It is disputed whether the contributory negligence of a beneficiary will defeat the recovery under a death statute by the administrator for the estate. McKay v. Syracuse Rapid Transit Ry. Co., 208 N. Y. 359, 101 N. E. 885. Contra, Richmond, etc. R. Co. v. Martin's Adm'r, 102 Va. 201, 45 S. E. 894. It is clear, however, that a negligent beneficiary cannot recover in his own right. Indianapolis Street Ry. Co. v. Antrobus, 33 Ind. App. 663, 71 N. E. 971; Johnson v. Reading City Ry. Co., 160 Pa. St. 647, 28 Atl. 1001. Therefore, if the negligence of the dead husband can be imputed to the plaintiff in the principal case, she is properly barred.

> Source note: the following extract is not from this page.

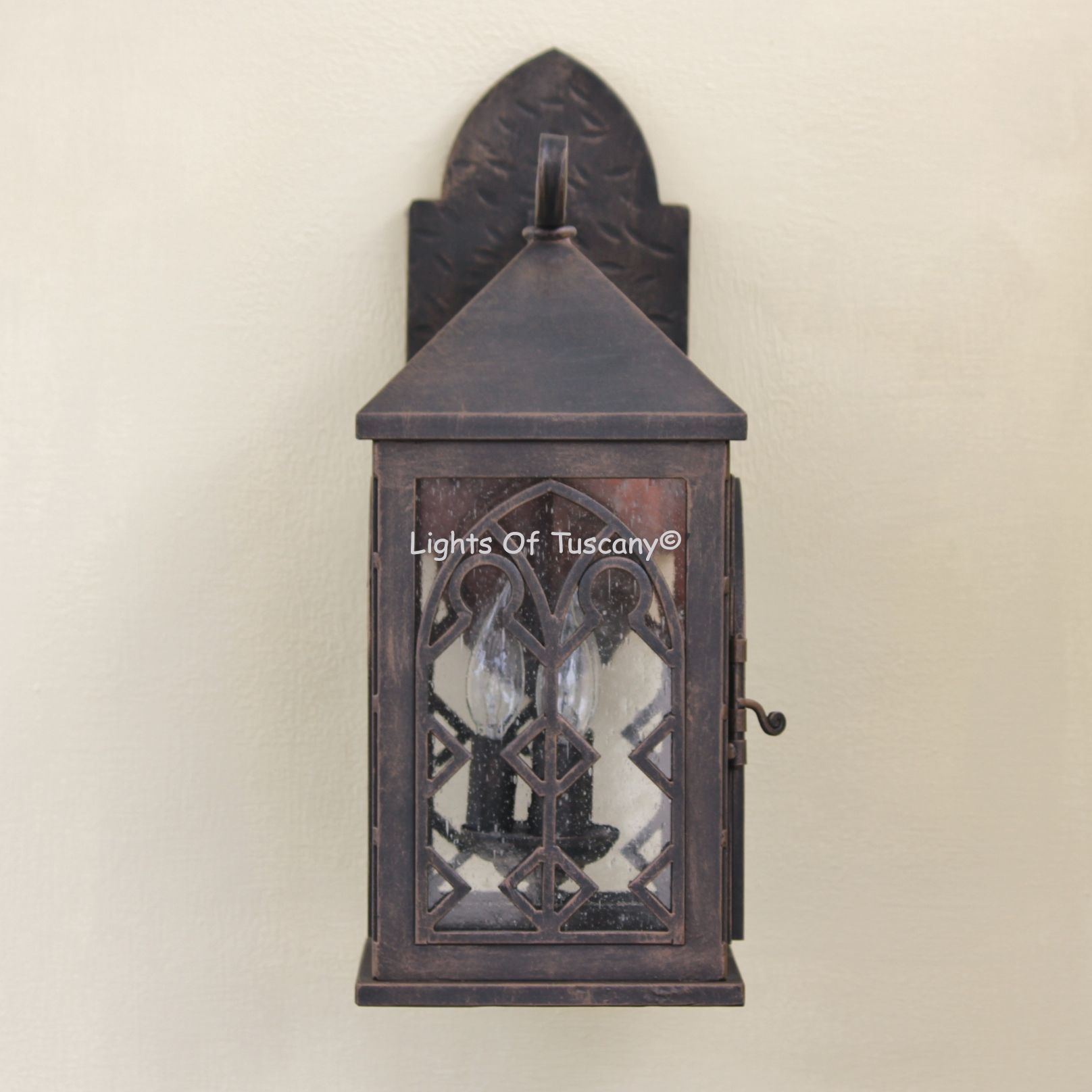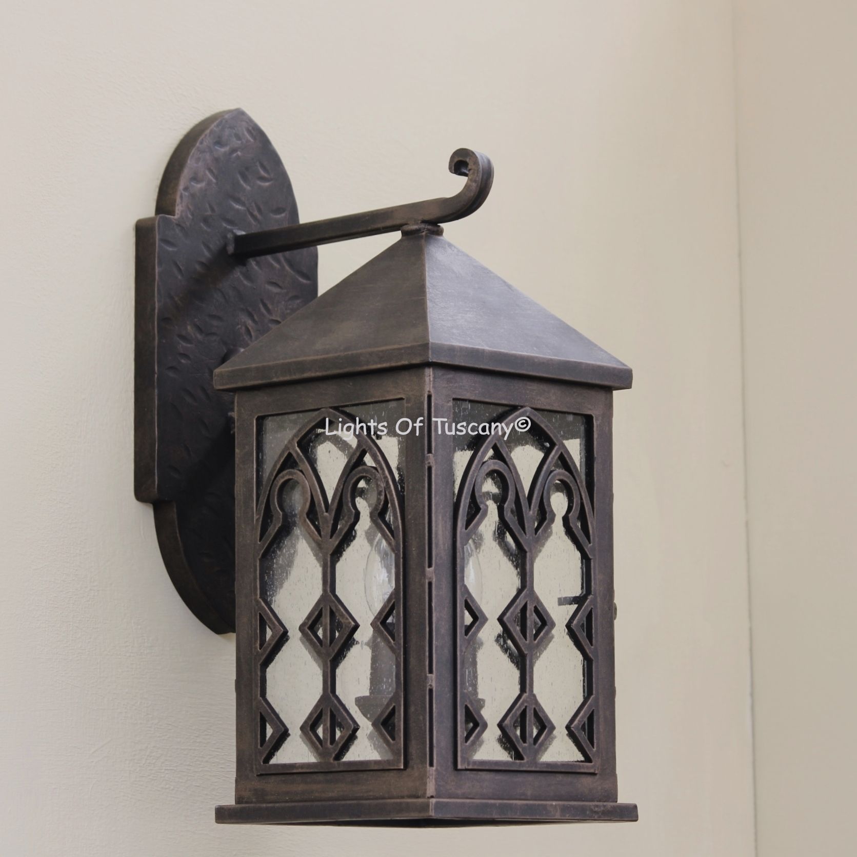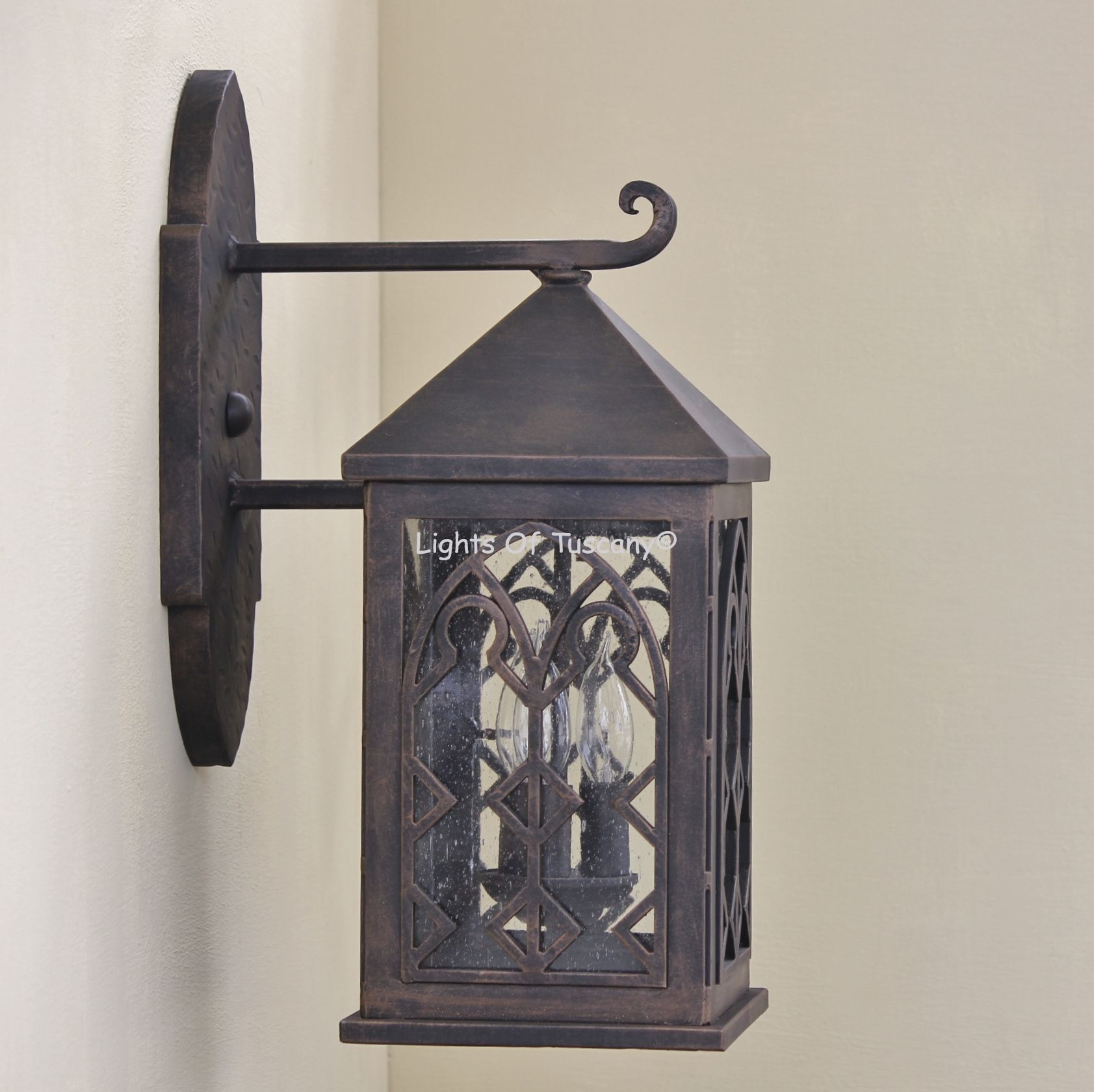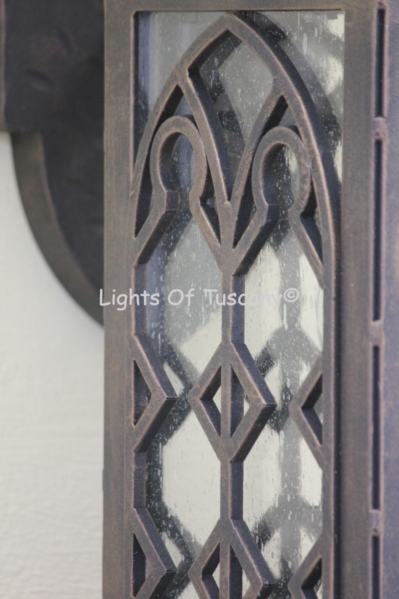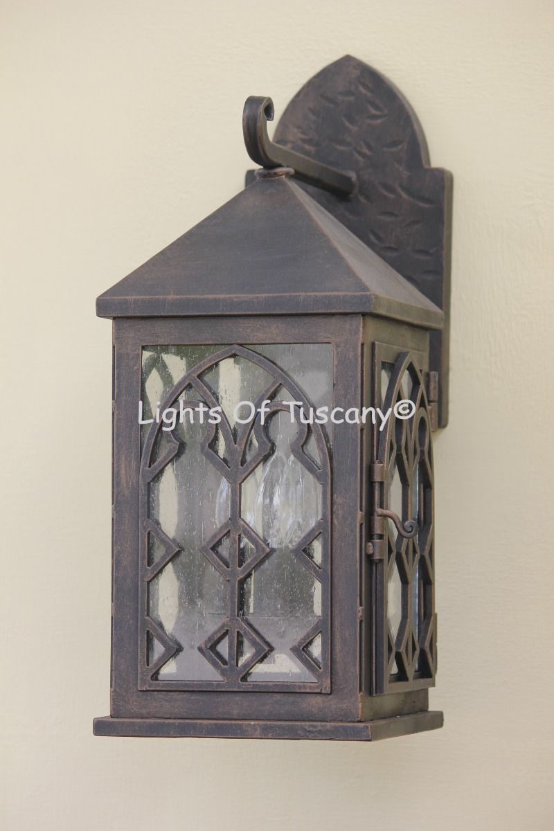This beautiful hand crafted outdoor wall light is made of all authentic hand forged wrought iron. All our fixtures are hand painted and available in any of our finish options. This fixture is perfect for garage lighting, outdoor walls, backyard and patio lighting.

But negligence can ordinarily be imputed only with agency or, as some courts add, such an identity of interest as certain family relations create. See Little v. Hackett, 116 U. S. 366, 371. Now the marital relation does not create an agency to take care of the children. Macdonald v. O'Reilly, 45 Ore. 589, 78 Pac. 753. Again, the wife's estate has become under the modern law so distinct from that of her husband that to-day the identity of interest on which the imputation was rested no longer exists. Louisville, etc. Co. v. Creek, 130 Ind. 139, 29 N. E. 481. See Phillips v. Denver City Tramway Co., 53 Col. 458, 468, 128 Pac. 460, 464. Hence, especially when, as in the principal case, all chance of the action being a roundabout recovery by the husband, is destroyed by his death, it seems unfortunate that his negligence should be imputed to his innocent wife.

CRIMINAL LAW CONSPIRACY — PARTICIPATION OF DETECTIVES. The defendants were indicted under U. S. COMP. STATS. 1913, § 10201, for conspiring to bring Chinese into the United States unlawfully. Government detectives had suggested and urged the conspiracy, promising governmental protection, in order to place the principal defendant in a position where to avoid prosecution he could be forced to disclose the suspected criminal acts of other Chinese. Held, that a conviction is improper. Woo Wai v. United States, 223 Fed. 412 (C. C. A., 9th Circ.).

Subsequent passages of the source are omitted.